Let's add email functionality to our script:

# app.py (v2 - final version)

"""Script to crawl Top Posts across sub reddits and store results in MongoDB
"""

import logging
from datetime import date
from scrapy.utils.project import get_project_settings
from scrapy.crawler import CrawlerProcess
from reddit.spiders import PostSpider
from top_post_emailer import email_last_scraped_date

if __name__ == '__main__':
    logging.basicConfig(level=logging.INFO)
    logger = logging.getLogger(__name__)

    # only run on saturdays (once a week)
    if date.strftime(date.today(), '%A').lower() == 'saturday':
        crawler = CrawlerProcess(get_project_settings())

        crawler.crawl(PostSpider)
        crawler.start() # the script will block here until the crawling is finished

        email_last_scraped_date()
        logger.info('Scrape complete and email sent.')
    else:
        logger.info('Script did not run.')
Note

PythonAnywhere

In this section we will explore the PythonAnywhere cloud platform, set up a Python virtual environment for our scraper, and configure the PythonAnywhere scheduler to run our Scrapy script.

Overview

From the website:

PythonAnywhere makes it easy to create and run Python programs in the cloud.

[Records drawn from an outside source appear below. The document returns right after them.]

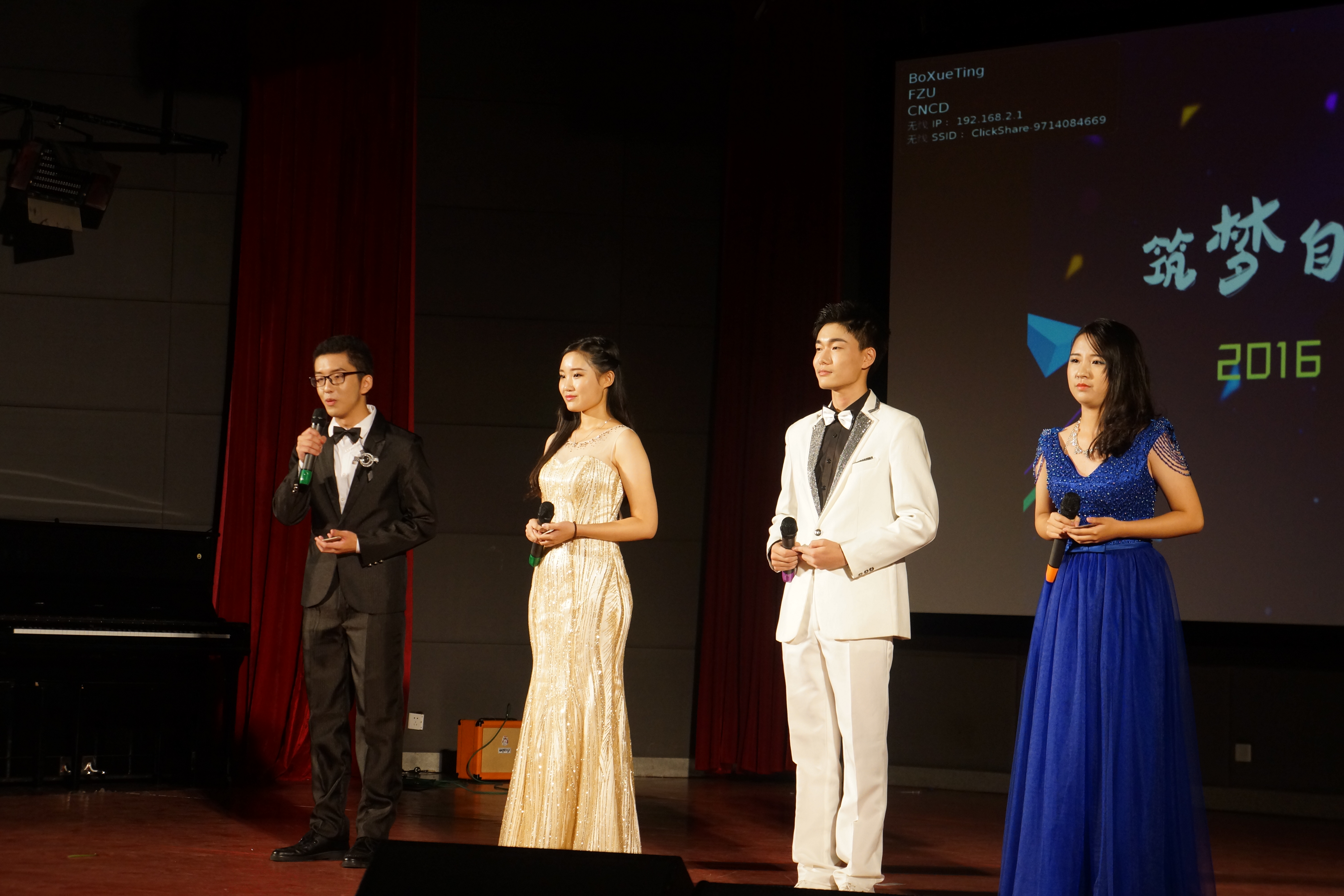 当晚晚会现场歌舞飞扬,精彩纷呈。开场时由酷玩协会带来《lucky strike》,劲爆的旋律与酷炫的舞姿瞬间点燃了现场的气氛,迎来掌声不断。紧接着王燕彬学长以感性的歌声唱响了《我的中国心》,也触动了现场同学们心中的中国梦。而后徐旺平老师演唱的《不老的草原》,更是仿佛将同学们带到大草原一般,宏亮的歌声飘荡在现场每一个同学心间。
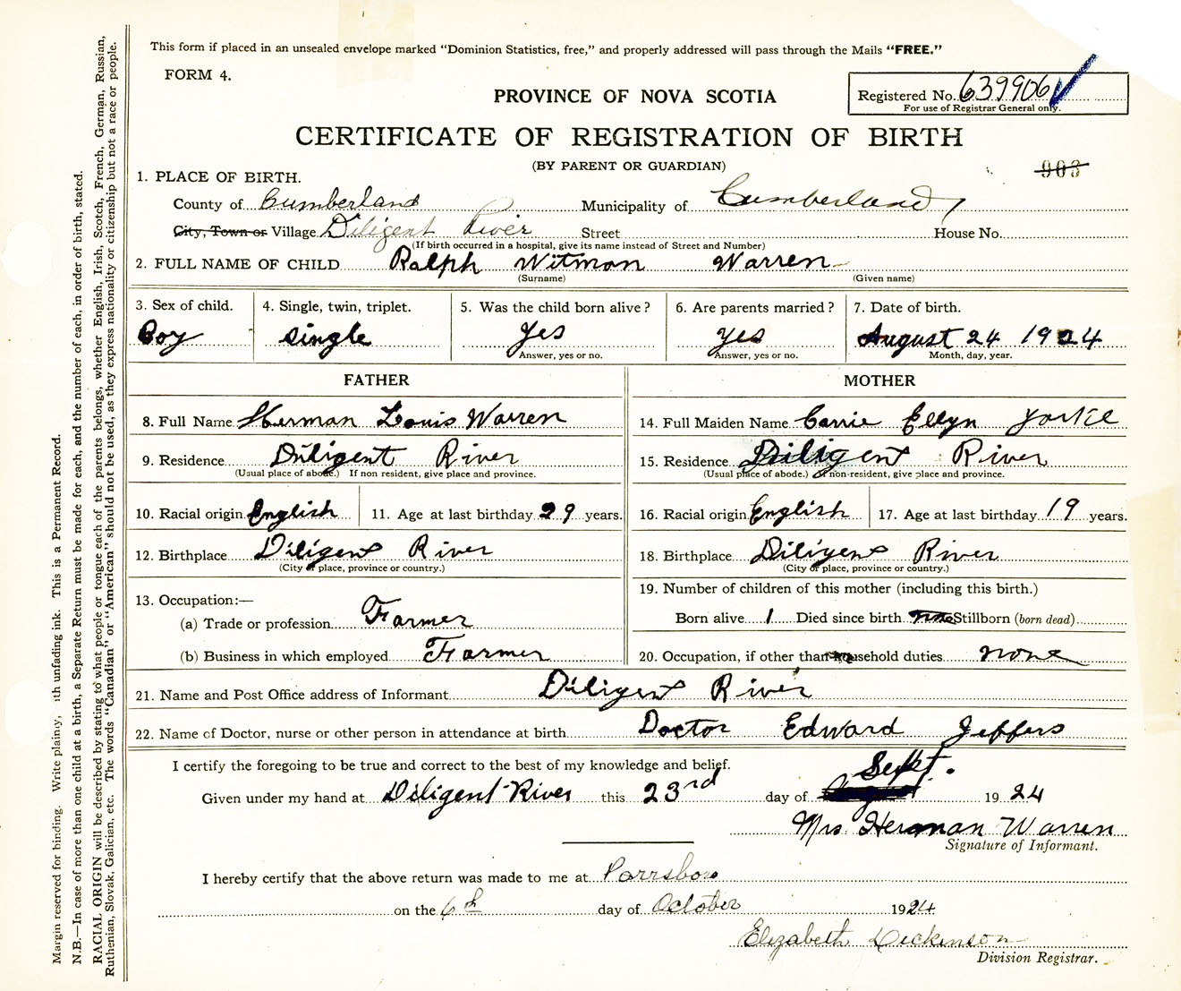 Male Birth Registration: Year: 1924 number: 63900906
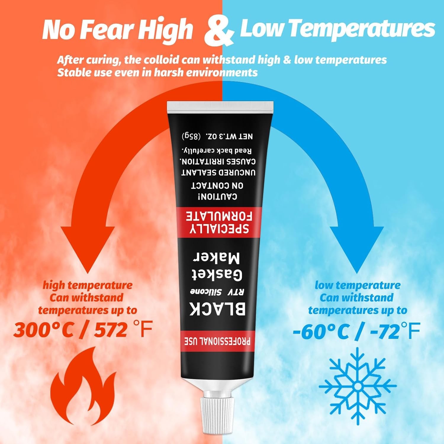 RTV Silicone Gasket Maker, High Temp Resist Oil, 170g, Black Product Details Product Dimensions : 8.66 x 4.53 x 1.38 inches; 7.05 ounces Item model number : GN0105RD4A Manufacturer : 1DFAUL Brand: 1DFAUL Specific Uses For Product: Automotive Material: Silicone Item Form: Liquid, Patch, Strip Special Feature: High temperature resistance, oil-resistance, non-corrosive, waterproof, freeze-proof Our RTV silicone is a sealing product specifically designed for automotive engines to prevent oil and gas leaks and ensure efficient operation. Our silicone sealant can also be used in gearboxes, front and rear axles, and pump superchargers, form various silicone gasket Our gasket sealant cures quickly into a leak-proof gasket that replaces cutting gaskets. They are flexible and will not shrink or crack even under high temperature, cold, high pressure, or vibration, maintaining a strong bond Our high temperature silicone sealant is oil-resistant, non-corrosive, water proof, freeze-proof, fully fills gaps in surfaces, seals completely, prevents fluid leakage and reduces energy loss Suggestions for use: After cleaning the oil on the surface with cleaning fluid, apply high temperature silicone evenly. During the curing process, a certain amount of pressure needs to be applied to ensure that silicone RTV fully fills the gaps NOTE: Carry out a sealing test after sealing to prevent damage to the instrument during actual use; Curing time is different in different environments, eg: 25℃, 10~30min; Applicable temperature: - 60~+300°C; Ultimate pressure: ≥10MPa High temperature silicone sealant is a sealing product specially used for automobile engines. It can form a uniform, stable and continuous thin layer on the joint surface of parts, and can fully fill the depressions and microscopic gaps on the joint surface to complete the seal. Can be turned into various types of sealing silicone gasket after curing.Scope of application: various types of engines, gearboxes, front and rear axles, pumps, superchargers, Valve Covers And Valve Guides, Oil PansFeatures: Waterproof, antifreeze, high temperature resistance, oil resistance, non-corrosive, fast curing, strong reasons for ineffectiveness may be: 1. High temp sealant does not conform to the environment at that time, such as high Temperature environment, high heat silicone sealant cannot be used. 2. Uneven coating. 3. Insufficient curing time, environmental changes will extend the curing time. 4. Surface oil stains have not been cleaned , resulting in weak bonding. 5. RTV silicone gasket maker has: 1. Conduct a sealing test after sealing to prevent damage to the instrument during actual use. 2. Different environments require different curing times: 25℃, 10~30min (room temperature) 3. Applicable temperature: - 60~+300°C 4. Ultimate pressure: room temperature: ≥10MPa 5. Do not come into contact with uncured RTV silicone sealant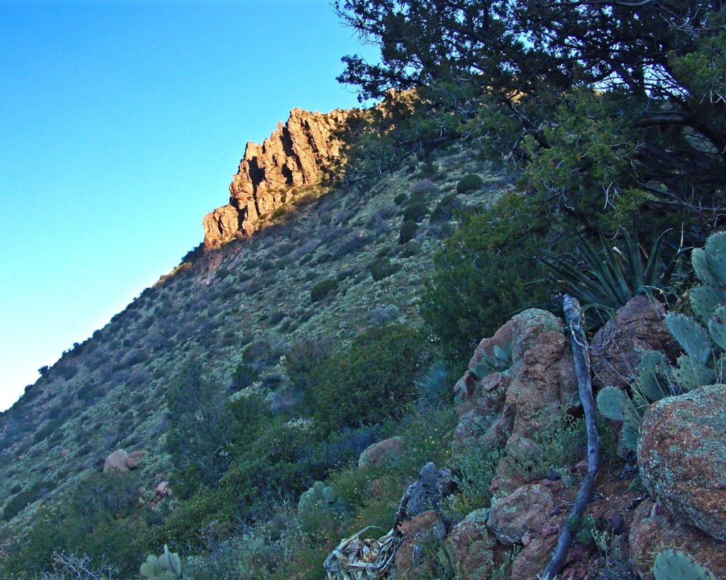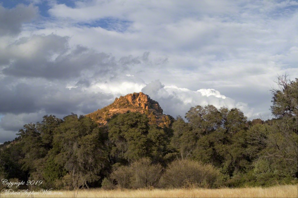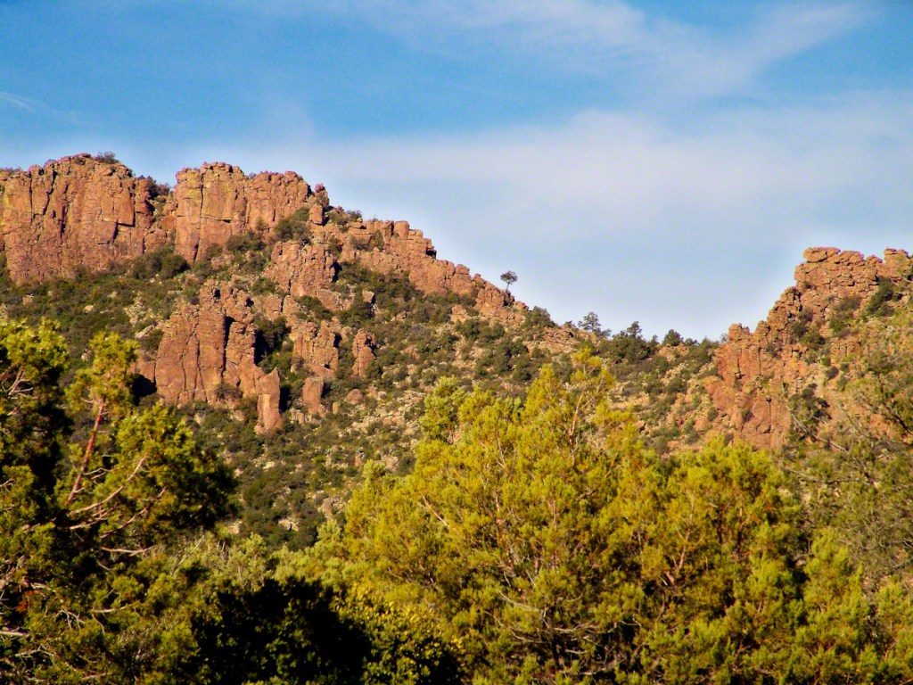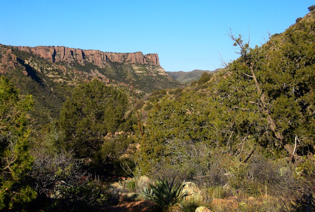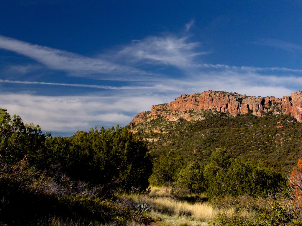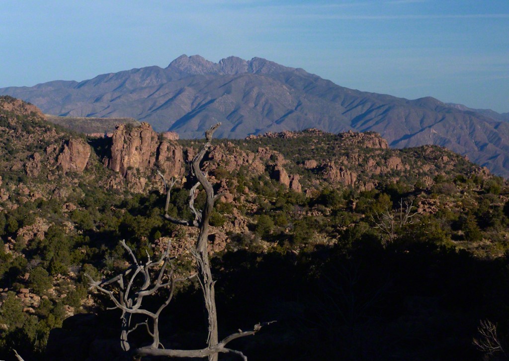 On the east side of Pine Creek a trail, unmarked on the maps, follows the creek bed uphill north towards Mound Mountain. In 50 feet or so we passed the side trail to my campsite, our destination was The Searcher’s campsite. I was not paying near enough attention to the surroundings when I looked up to see an Arizona Oak limb headed to my chest. With no time or space to negotiate the obstacle I was left to grab hold and hang on to be swept from the saddle. The branch held my bulk for, at most, a second before giving way.

You can write your programs in a web-based editor or just run a console session from any modern web browser. There's storage space on our servers, and you can preserve your session state and access it from anywhere, with no need to pay for, or configure, your own server. Start work on your work desktop, then later pick up from where you left off by accessing exactly the same session from your laptop.

What does this mean? For 5 bucks a month, we can host websites and schedule batch jobs in a fully configurable Python environment.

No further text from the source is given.